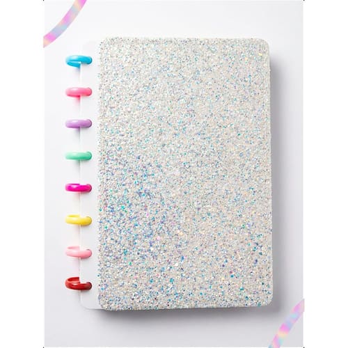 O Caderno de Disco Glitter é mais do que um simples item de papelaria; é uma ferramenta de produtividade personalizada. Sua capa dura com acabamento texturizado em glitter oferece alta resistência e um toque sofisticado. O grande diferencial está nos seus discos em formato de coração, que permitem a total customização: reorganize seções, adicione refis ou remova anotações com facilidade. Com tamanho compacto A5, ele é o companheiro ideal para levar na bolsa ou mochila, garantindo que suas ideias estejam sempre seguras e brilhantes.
---
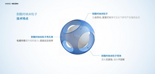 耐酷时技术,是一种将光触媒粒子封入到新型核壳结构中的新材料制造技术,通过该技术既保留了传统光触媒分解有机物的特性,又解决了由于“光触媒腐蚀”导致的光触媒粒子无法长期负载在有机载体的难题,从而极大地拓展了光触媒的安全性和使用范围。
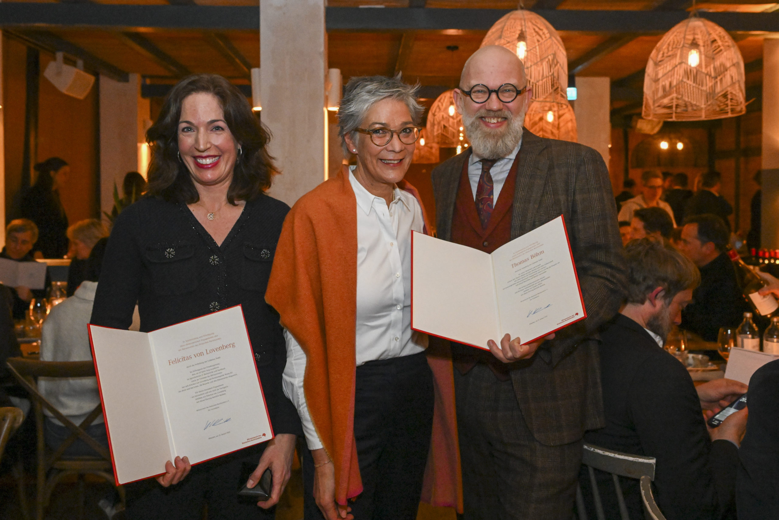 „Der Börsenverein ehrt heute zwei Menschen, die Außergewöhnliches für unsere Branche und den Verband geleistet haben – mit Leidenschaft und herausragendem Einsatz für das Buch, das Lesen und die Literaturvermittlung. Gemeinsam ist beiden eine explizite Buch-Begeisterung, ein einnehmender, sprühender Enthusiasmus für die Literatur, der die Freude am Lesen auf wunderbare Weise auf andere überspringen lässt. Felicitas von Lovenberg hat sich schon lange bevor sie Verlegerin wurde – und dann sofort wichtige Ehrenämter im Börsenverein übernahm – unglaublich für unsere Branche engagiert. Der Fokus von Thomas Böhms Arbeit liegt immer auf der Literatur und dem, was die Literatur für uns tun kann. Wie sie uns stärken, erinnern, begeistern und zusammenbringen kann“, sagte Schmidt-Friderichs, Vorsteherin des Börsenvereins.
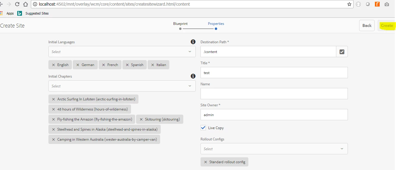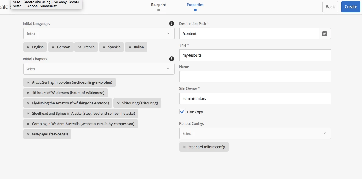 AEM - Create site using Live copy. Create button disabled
--
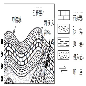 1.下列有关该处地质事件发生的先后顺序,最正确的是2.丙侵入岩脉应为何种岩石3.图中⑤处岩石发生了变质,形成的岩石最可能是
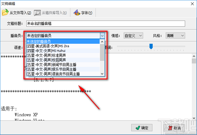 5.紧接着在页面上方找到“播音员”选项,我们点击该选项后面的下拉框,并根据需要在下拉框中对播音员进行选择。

= TASK BRIEF =
Look through the listing above for the line with "Vorsteherin des Börsenvereins." and the line with "AEM - Create". Write out exactly those lines and everything between, leaving out pictures.

= EXPECTED OUTPUT =
 „Der Börsenverein ehrt heute zwei Menschen, die Außergewöhnliches für unsere Branche und den Verband geleistet haben – mit Leidenschaft und herausragendem Einsatz für das Buch, das Lesen und die Literaturvermittlung. Gemeinsam ist beiden eine explizite Buch-Begeisterung, ein einnehmender, sprühender Enthusiasmus für die Literatur, der die Freude am Lesen auf wunderbare Weise auf andere überspringen lässt. Felicitas von Lovenberg hat sich schon lange bevor sie Verlegerin wurde – und dann sofort wichtige Ehrenämter im Börsenverein übernahm – unglaublich für unsere Branche engagiert. Der Fokus von Thomas Böhms Arbeit liegt immer auf der Literatur und dem, was die Literatur für uns tun kann. Wie sie uns stärken, erinnern, begeistern und zusammenbringen kann“, sagte Schmidt-Friderichs, Vorsteherin des Börsenvereins.
 AEM - Create site using Live copy. Create button disabled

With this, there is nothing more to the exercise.